Word for word, restate the lines from the top of the records below through the line with "Фермери багатьох країн", both included, with no pictures in the result.

— EXERCISE MATERIALS —
****************

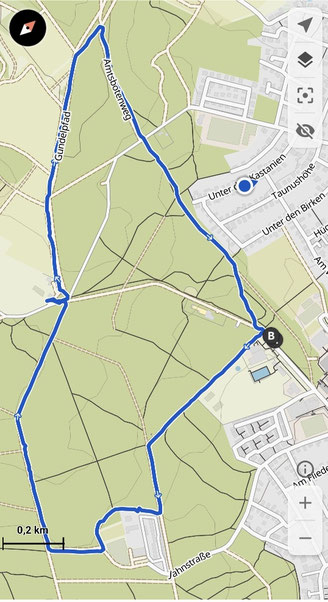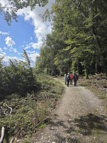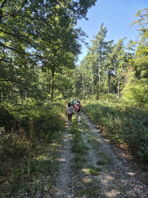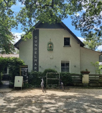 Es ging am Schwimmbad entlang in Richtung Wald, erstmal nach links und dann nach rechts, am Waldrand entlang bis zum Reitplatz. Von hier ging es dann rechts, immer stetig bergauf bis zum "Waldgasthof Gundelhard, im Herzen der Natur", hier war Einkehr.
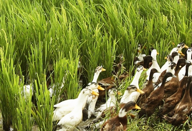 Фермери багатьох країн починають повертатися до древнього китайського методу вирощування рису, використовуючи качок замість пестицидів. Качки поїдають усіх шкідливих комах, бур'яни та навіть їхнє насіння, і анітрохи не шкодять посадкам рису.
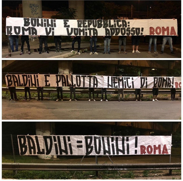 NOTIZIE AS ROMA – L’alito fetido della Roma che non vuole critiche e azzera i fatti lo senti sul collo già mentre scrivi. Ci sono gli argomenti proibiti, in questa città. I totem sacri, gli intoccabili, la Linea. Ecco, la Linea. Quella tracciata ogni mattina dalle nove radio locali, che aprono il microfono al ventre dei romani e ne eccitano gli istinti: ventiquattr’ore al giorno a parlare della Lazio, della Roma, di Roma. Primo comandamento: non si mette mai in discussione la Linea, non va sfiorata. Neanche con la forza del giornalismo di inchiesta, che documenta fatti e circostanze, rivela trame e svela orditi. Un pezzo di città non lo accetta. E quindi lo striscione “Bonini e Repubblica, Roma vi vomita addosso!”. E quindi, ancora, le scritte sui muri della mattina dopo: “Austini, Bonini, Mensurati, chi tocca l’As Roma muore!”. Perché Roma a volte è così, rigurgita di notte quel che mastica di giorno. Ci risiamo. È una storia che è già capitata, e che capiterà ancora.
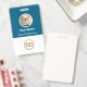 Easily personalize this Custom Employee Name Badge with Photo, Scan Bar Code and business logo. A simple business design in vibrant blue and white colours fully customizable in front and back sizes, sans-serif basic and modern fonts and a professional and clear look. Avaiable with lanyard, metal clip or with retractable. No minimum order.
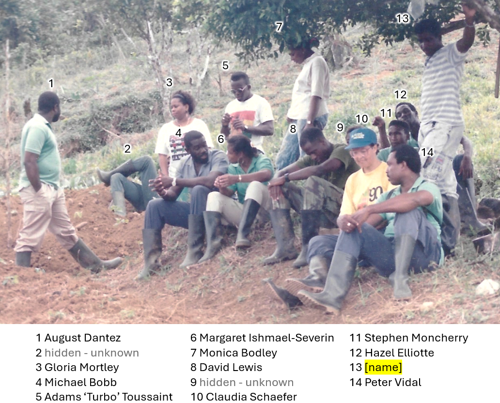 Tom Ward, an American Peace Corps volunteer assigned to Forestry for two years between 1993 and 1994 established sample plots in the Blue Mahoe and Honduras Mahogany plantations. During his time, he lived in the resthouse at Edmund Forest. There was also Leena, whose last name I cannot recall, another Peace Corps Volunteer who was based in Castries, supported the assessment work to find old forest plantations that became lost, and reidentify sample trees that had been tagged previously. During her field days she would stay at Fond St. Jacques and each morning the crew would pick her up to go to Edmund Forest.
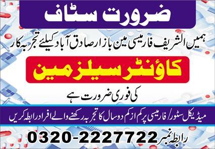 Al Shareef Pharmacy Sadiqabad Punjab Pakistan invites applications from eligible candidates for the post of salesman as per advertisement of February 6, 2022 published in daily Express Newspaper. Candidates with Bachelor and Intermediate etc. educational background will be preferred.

****************

— FINAL ANSWER —
 Es ging am Schwimmbad entlang in Richtung Wald, erstmal nach links und dann nach rechts, am Waldrand entlang bis zum Reitplatz. Von hier ging es dann rechts, immer stetig bergauf bis zum "Waldgasthof Gundelhard, im Herzen der Natur", hier war Einkehr.
 Фермери багатьох країн починають повертатися до древнього китайського методу вирощування рису, використовуючи качок замість пестицидів. Качки поїдають усіх шкідливих комах, бур'яни та навіть їхнє насіння, і анітрохи не шкодять посадкам рису.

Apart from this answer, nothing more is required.